In our inaugural qualitative survey of buy-side customers representing more than $7 trillion in annual turnover, respondents were asked to forecast the breakdown of their FX turnover in the near future, rank their most important criteria in venue selection and name their preferred platform, both for single-dealer and multi-dealer portals.
Voice trading volumes are expected to decline to less than 15% of total volume in the next few years, as more bank trading platforms come online, and as previously bespoke currencies from the emerging markets are increasingly being traded electronically. The survey indicates that single-dealer platforms (SDPs) will be the main beneficiaries of this migration.
Key findings:
-The rate of growth on single-bank trading portals is expected to outstrip multi-dealer portals by almost seven times.
-Barclays Capital’s BARX and Deutsche Bank’s Autobahn trading platforms were the most preferred SDPs. FXall, 360T and Bloomberg’s FXGO were the preferred venues for multi-bank platforms.
-Choice of counterparty/bank relationship is the single biggest determinant of choice of trading venue where clients trade FX.

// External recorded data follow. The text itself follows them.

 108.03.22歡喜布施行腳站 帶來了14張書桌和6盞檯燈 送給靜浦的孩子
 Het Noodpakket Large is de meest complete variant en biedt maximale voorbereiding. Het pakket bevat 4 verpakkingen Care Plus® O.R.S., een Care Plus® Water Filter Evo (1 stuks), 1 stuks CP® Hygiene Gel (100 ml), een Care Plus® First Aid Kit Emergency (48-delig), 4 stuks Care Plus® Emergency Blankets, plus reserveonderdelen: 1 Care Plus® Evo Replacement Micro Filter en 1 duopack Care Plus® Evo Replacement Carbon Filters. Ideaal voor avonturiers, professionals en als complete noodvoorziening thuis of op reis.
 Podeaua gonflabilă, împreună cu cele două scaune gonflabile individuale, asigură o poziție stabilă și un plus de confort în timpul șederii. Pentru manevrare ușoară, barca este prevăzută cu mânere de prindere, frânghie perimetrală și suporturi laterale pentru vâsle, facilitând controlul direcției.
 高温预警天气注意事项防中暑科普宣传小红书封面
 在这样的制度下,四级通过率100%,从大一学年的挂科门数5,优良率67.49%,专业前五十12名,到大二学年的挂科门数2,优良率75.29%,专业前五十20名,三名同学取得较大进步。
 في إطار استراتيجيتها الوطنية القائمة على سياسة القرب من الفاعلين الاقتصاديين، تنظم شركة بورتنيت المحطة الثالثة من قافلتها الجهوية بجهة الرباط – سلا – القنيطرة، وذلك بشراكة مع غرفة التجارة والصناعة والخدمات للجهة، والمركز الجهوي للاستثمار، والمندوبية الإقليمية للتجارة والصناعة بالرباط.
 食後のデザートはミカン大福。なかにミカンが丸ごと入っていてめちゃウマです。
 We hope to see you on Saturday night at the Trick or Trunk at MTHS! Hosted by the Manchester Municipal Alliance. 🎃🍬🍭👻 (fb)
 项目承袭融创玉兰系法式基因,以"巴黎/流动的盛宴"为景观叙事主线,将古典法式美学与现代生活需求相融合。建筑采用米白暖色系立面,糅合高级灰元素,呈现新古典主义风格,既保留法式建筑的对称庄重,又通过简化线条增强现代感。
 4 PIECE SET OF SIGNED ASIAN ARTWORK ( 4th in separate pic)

-Just under one-third of respondents said they had changed trading venues in the past 12 months
-Respondents expressed the importance of counterparty diversification as the European sovereign debt crisis impairs credit quality of some banks, indicating a greater need for credit and risk monitoring models.
- Application programming interfaces (APIs) – a huge growth area in E-FX in recent years – will slow due to technology budget constraints for clients and banks. Furthermore, API execution is now viewed as a less-effective execution method than single- and multi-dealer platforms.
-The demonstration of best execution remains one of the key reasons why clients use multi-bank portals. And single-dealer portals are beginning to offer best-execution reports on algorithmic execution trading tools (a key growth area on single-dealer platforms).